The snow kept coming till it was drifted and banked against the house. In the mornings the window panes were covered with frost in beautiful pictures of trees and flowers and fairies.It wasn't until I was an adult with three kids (one still in utero) that I experienced these winter wonders first-hand. We moved into an un-insulated 1890s farmhouse with only one heat-vent upstairs (and single-pane windows with somewhat flimsy storm windows). The house had its share of challenges and LOTS of do-it-yourself home project, but we had the most beautiful frosted windows - particularly on the very coldest of days.
Ma said that Jack Frost came in the night and made the pictures, while everyone was asleep. Laura thought that Jack Frost was a little man all snowy white, wearing a glittering white pointed cap and soft white knee-boots made of deer-skin. His coat was white and his mittens were white, and he did not carry a gun on his back, but in his hands he had shining sharp tools with which he carved the pictures.
Laura and Mary were allowed to take Ma's thimble and make pretty patterns of circles in the frost on the glass. But they never spoiled the pictures that Jack Frost had made in the night.
In The Mitchells: Five for Victory by Hilda Van Stockum, the children experience beautiful frosted windows for the first time on Christmas when the heat goes out:
Mother went upstairs again and almost collided with Patsy, who came tearing down the steps in all manner of excitement.

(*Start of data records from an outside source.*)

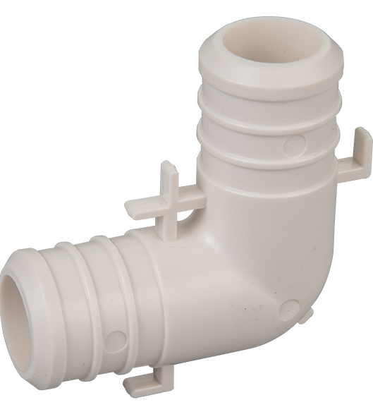 3/4" Poly crimp stop PEX elbow connects two 3/4" PEX pipes at a 90-degree.
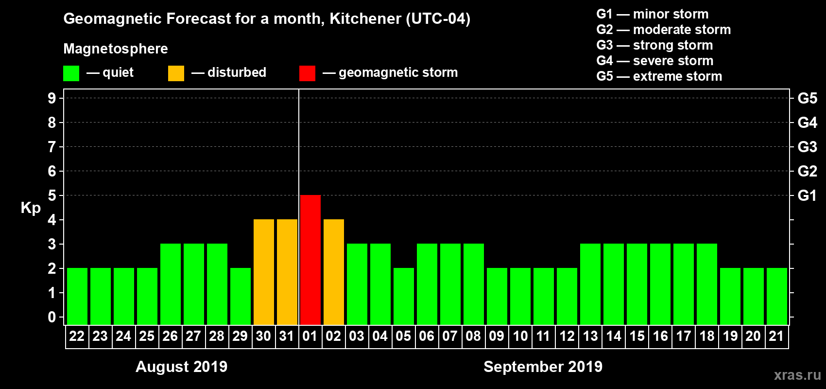 Geomagnetic storm forecast in Kitchener for Aug 22, 2019
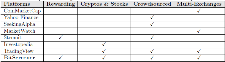 BitScreener is unique compared to other platforms. In particular, it's very different from the Steemit platform. BitScreener addresses the specific issues of the financial world while Steemit is a multipurpose blog. In addition, BitScreener also differs from other platforms such as CoinMarketCap, Yahoo Finance, SeekingAlpha, Investopedia, and TradingView because it has a community forum with rewards based on performance-based and blockchain-based tokens. And combine primitive financial data systems with user-generated content and integrated equity markets in the new crypto market - all within a single ecosystem. The table above compares BitScreener with some common platforms.
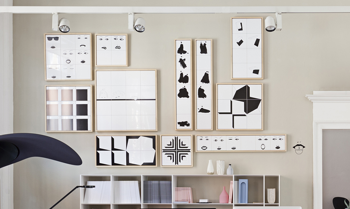 il portadocumenti azzurro [Design Republic]. Sopra, spicca la grafica b&w di ceramiche handmade, incorniciate

"There are pictures on our windows!" she cried. "Real Christmas pictures, all white and sparkly. Come and look, Mother!" Mother went up obediently, and was greeted by Una and Joan with "Merry Christmas" hugs and shown the windows, on which the night's frost had painted delicate ferns and flowers.
"We used to see those often when I was a girl," she said. "I used to lie awake and watch the moon shining through them. But the hot waterpipes have chased them. Our furnace isn't working today."

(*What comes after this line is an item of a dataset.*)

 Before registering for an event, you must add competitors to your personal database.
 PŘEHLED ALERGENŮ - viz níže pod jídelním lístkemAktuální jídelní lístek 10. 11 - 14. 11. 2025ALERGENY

"Oh, isn't it lovely?" cried the girls. "Such a surprise for Christmas!"
We really enjoyed these little connections with real life. Now we live in a more modern, well-insulated (1970s) house with double-paned windows, but my older kids are rather proud that some day they'll be able to tell their children and grand-children that "When we were kids..." :)
Related (and loosely-related) Links:
CalTech's "Guide to Frost"
An Ice Crystals Photo Gallery
Ice Crystal Experiments from the Exploratorium
Snow Crystal Photography
Science Photography
By the way, if you're interested in ice crystals, check out The Snowflake: Winter's Secret Beauty by Kenneth Libbrecht, with snow-crystal photography by Patricia Rasmussen. It's a rather hefty picture book (112 pages), filled with amazing photographs of snowflakes and a detailed (but quite readable) text that explains the science of snow.
2 comments:
These are beautiful. Unfortunately we are freezing our bippies off in Indiana tonight..it is too cold for my taste.
Oooh! What a great post!! I think it will be our science for today.